Hi, we are Anna and Gabriel, and this is Ciranda, the podcast about our mission experience in Brazil. In which we try to bring you into the everyday life experiences and choices of those who live in this part of the world.

Edvar Dantas Cardeal lives in a small village, on the outskirts of Açailândia, in the hinterland of Maranhão. Unfortunately, he still does not own his history, because he lives where no one would want to live. When he arrived in Piquiá, he really liked the name of the place, an homage to one of the region’s largest trees with delicious fruit, The Piqui.

The community of Piquiá de Baixo (so called because it is located in the area lower than the next neighborhood) was created in the 1970s, when this part of the region was still called “the gates of the amazonia,” rich in vegetation. People planted and fished from the river that kissed the banks of the community. It was a little paradise in the memories of the inhabitants.

Then in the 1980s, the “development” came, which even changed the name of the village to “Pequiá,” an acronym for “PetroQuímico Açailândia.” Açailândia itself, or “Açaí City,” another tasty fruit typical of the region, has lost the meaning of its name, where progress and respect for life cannot coexist.

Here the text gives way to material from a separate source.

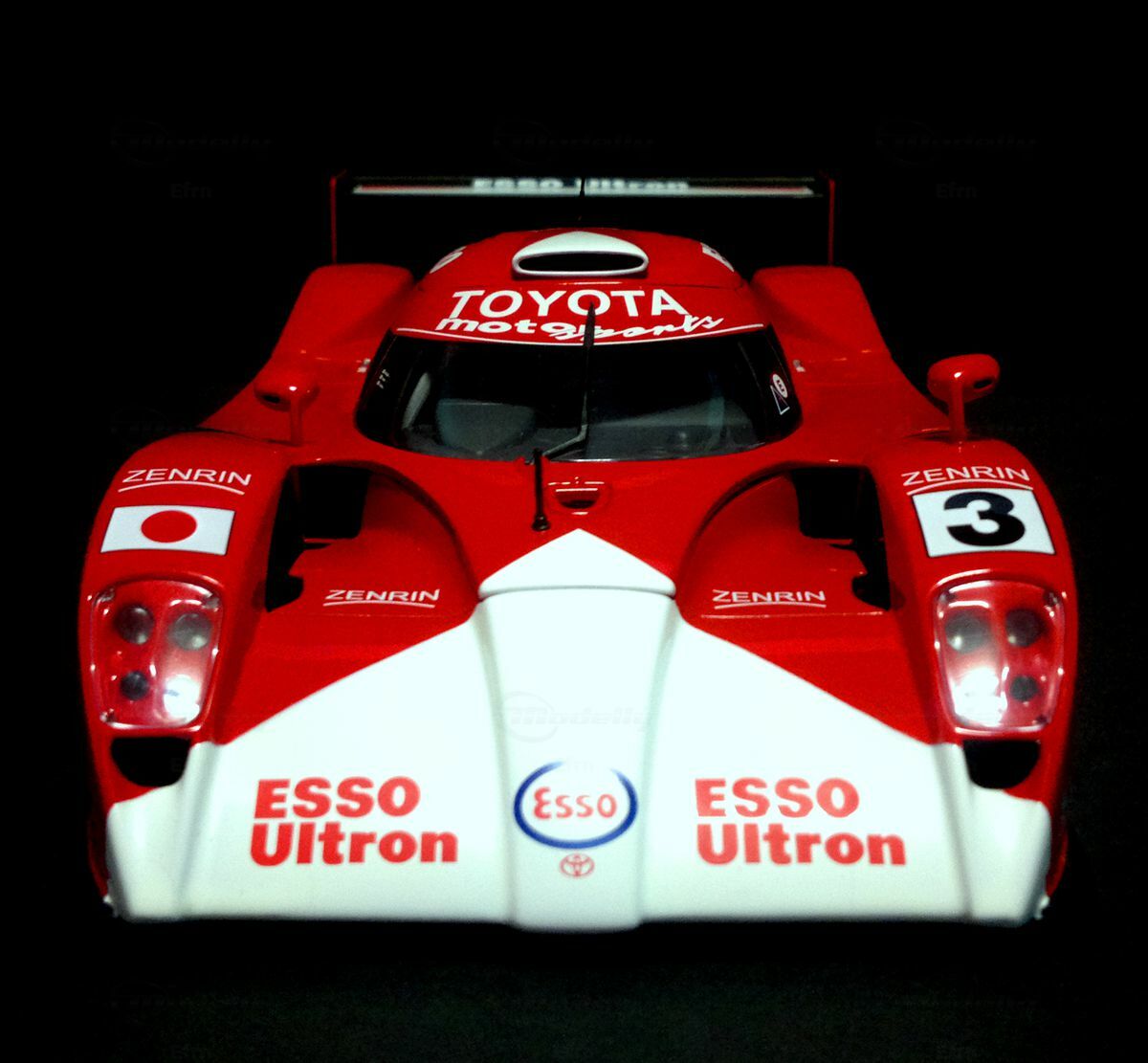 The scale model of the TOYOTA GT-One was developed by AUTOart Racing Division as a tribute to one of the most significant racing cars of the 1990s. This 1/18 model, crafted by AUTOart Racing Division, captures the essence of the original in the world of miniatures, made from diecast material. The red and white livery with the "ESSO Ultron" and "ZENRIN" markings showcases the famous racing history of the original.

Next to Edvar’s house were installed 14 steel furnaces, a thermal power plant, and, to top it off, a steel mill. The people of Piquiá did not even know what a steel plant was and what this would mean for their health, their lives, and that they would become little more than gears in this industrial machine. Companies came with manifestos of jobs, jobs for all, but the intent was always and only to settle there making the most at the least possible price, deceiving the community and destroying the way of life of those families.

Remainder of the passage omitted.